In general, categories L1.1-4 are clear cut and should be identifiable and avoidable. L2 is difficult because it depends on domain knowledge. Due to the nature of collaboration the researcher with this expert domain knowledge may not be the individual performing the ML analysis. Similarly, L3.1-3.3 are also difficult to detect and avoid if the researcher is using previously collected data and not designing an experiment and collecting data from scratch. In industry, data is often given to ML practitioners and there is no option to immediately collect more data or change the collection methodology. If this is the case, data leakage could be undetectable in many industry applications as ML practitioners are working with the best data at hand. In addition, there are limited strategies for identifying and mitigating these three types of data leakage.

Model info sheets to mitigate data leakage

We appreciated that the authors suggested a mitigation strategy. We found the questions in the model info sheets to be a useful sanity check for any ML practitioner. However, the level of detail requested from the info sheets would likely only be filled out if peer reviewed journals required it.  Even if journals require model info sheets as part of the peer review process, we agree with the authors that there are still limitations. Most notably, the claims in the model info sheets can’t be verified without the code, computing environment, and data. There are some scientific research fields where authors might be unwilling or unable to disclose all information due to privacy concerns. In addition, there is nothing to prevent authors from lying or not having the ML expertise to fill out the model info sheet correctly. Since ML has become more accessible to non-ML experts, subtle cases might not easily be noticed by the author or reviewer.
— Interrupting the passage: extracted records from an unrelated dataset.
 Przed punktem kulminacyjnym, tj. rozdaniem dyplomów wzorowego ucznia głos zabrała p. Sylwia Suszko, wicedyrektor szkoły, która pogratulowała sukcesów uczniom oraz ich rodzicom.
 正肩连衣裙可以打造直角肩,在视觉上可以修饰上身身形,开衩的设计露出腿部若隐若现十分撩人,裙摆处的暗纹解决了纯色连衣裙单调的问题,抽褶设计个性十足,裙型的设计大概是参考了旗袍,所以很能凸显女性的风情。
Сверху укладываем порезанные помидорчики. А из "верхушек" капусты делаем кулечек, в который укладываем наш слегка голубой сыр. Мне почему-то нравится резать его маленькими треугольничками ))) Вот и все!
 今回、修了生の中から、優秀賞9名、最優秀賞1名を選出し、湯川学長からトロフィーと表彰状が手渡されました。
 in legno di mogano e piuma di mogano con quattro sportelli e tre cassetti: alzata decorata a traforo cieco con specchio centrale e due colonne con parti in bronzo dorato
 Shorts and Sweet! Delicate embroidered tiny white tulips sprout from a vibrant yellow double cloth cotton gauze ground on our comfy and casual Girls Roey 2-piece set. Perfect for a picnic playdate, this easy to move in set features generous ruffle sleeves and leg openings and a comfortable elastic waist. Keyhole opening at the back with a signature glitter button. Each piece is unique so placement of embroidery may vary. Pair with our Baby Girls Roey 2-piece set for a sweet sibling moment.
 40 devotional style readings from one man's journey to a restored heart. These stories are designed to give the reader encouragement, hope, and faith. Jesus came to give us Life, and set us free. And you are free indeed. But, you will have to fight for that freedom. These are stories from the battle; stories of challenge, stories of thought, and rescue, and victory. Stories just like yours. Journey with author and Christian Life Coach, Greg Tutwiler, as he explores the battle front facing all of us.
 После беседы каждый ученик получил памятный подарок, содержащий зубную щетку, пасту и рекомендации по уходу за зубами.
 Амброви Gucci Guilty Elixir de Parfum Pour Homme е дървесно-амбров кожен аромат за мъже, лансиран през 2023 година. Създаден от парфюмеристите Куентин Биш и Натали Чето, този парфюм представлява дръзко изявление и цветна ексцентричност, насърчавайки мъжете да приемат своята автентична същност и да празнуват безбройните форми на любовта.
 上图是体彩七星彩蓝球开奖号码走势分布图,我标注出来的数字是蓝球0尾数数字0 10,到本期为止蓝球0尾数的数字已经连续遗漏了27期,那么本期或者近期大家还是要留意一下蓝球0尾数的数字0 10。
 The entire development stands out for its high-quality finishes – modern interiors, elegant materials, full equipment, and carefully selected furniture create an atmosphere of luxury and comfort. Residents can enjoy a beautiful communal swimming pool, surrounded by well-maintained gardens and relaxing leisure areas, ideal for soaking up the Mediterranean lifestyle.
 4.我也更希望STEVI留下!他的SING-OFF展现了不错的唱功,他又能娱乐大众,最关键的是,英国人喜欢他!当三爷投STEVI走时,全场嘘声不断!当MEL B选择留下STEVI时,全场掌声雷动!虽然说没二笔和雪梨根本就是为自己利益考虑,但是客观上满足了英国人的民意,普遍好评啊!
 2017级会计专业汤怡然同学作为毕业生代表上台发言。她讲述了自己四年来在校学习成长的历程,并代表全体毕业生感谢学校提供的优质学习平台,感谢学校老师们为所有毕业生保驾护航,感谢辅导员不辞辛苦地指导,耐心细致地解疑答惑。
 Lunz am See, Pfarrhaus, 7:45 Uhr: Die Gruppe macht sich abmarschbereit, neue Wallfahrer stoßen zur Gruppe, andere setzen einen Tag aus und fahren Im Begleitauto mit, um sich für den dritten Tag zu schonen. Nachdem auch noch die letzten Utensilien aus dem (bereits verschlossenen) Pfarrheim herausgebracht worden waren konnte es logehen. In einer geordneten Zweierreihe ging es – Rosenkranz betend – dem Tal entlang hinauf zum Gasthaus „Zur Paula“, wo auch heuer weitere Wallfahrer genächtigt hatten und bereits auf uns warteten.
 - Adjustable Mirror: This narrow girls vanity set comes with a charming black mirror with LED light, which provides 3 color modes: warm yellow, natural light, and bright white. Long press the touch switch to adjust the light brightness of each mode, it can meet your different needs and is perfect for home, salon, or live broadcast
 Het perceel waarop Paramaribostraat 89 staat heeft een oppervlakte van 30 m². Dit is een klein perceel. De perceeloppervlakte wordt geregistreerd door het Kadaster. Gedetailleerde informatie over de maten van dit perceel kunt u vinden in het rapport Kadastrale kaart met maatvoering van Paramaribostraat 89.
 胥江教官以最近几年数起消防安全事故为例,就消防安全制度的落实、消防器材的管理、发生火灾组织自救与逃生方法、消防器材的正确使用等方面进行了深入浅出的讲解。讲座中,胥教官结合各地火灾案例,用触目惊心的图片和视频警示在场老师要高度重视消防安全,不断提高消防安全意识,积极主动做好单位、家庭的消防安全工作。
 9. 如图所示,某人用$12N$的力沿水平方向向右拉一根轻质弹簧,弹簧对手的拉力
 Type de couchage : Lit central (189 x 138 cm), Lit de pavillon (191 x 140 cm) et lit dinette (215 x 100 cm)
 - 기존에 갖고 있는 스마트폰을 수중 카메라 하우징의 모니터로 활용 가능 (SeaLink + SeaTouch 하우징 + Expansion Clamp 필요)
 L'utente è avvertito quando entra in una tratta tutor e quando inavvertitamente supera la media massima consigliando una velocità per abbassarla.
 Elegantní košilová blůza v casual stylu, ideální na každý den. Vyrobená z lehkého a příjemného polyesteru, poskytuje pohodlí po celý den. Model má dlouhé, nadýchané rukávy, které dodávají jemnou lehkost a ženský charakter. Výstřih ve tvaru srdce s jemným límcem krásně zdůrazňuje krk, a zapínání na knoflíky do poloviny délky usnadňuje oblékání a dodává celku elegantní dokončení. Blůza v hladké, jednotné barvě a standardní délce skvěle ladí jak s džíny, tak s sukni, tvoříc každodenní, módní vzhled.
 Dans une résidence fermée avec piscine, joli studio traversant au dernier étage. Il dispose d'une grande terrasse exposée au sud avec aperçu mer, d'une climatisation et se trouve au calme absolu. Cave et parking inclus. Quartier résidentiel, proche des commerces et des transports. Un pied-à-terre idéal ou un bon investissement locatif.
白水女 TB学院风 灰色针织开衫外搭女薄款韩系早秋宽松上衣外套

In industry, data privacy is also a concern but ML practitioners within a company could use these model info sheets to identify data leakage in industry based applications. However, there is no way to enforce this across companies or for a user of an industry based ML application to determine if the results are sound. Industry based ML is growing and there are often many groups within a company experimenting with ML. From what we have seen, there are no established within-company standards let alone between-company standards that would require the use of model info sheets to prevent data leakage.

Figure 1. A comparison of reported and corrected results in civil war prediction papers published in top political science journals.

Civil war predictions

To understand the impact of data leakage the authors present a case study on civil war predictions. They identified 12 papers on the topic that provided the code and data. Of the 12 papers identified, four claimed superior performance of complex ML models compared to logistic regression. When all types of data leakage were identified and fixed, the complex models did not outperform logistic regression (Figure 1). Figure 1 shows how the performance metric is reduced after data leakage is corrected. In particular, we noticed that model performance of the simple logistic regression model was not impacted as much by data leakage compared to the complex (tree-based) ML methods. We wish the authors had speculated on why. 

Final thoughts

Data leakage is a big issue that is not highlighted enough. The authors focused their efforts on identifying data leakage in ML-based science. While we appreciate them proposing a solution to identify and prevent data leakage, we think filling out model info sheets is a big ask and unlikely to be a common practice unless required by the peer review process. In addition, there are efficacy issues with model info sheets and it will be impossible to substantiate each claim. Industry ML applications are likely facing similar challenges with data leakage as ML-based science but these effects will be even more challenging to detect and quantify.